Recorded data
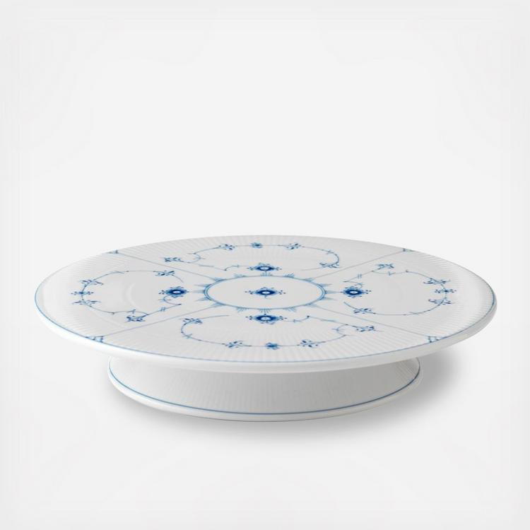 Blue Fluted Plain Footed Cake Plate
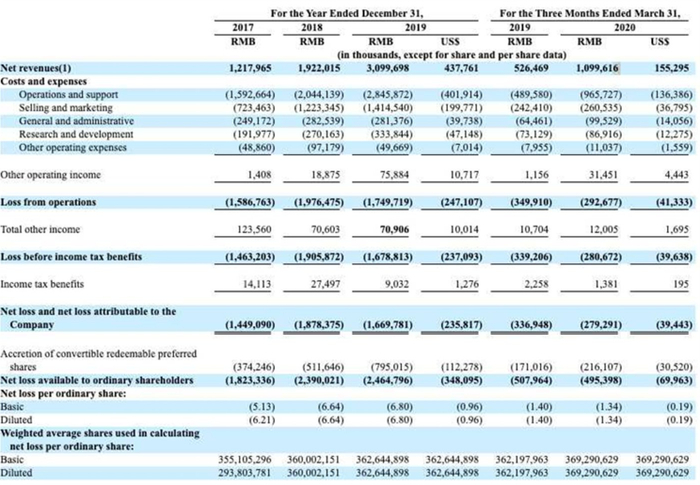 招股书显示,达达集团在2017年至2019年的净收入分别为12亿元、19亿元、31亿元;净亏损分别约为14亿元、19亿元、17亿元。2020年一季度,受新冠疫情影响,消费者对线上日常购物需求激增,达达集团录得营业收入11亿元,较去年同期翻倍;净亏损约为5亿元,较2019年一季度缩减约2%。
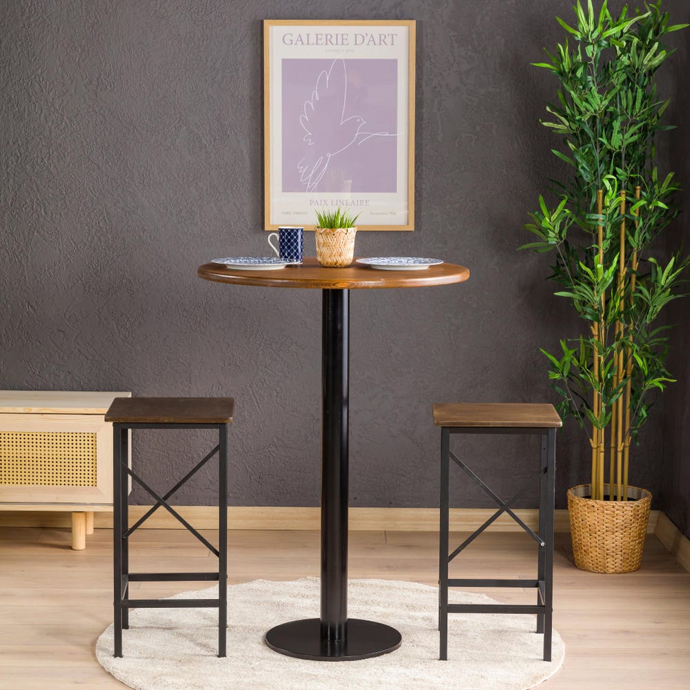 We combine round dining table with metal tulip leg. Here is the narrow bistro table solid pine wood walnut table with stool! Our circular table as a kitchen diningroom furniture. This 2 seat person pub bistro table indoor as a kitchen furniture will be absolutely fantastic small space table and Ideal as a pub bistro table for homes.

Exercise goal
Exact repetition required: repeat the first line of the listing above, the line containing "招股书显示,达达集团在201", and every line between, leaving out pictures.

Answer below
 Blue Fluted Plain Footed Cake Plate
 招股书显示,达达集团在2017年至2019年的净收入分别为12亿元、19亿元、31亿元;净亏损分别约为14亿元、19亿元、17亿元。2020年一季度,受新冠疫情影响,消费者对线上日常购物需求激增,达达集团录得营业收入11亿元,较去年同期翻倍;净亏损约为5亿元,较2019年一季度缩减约2%。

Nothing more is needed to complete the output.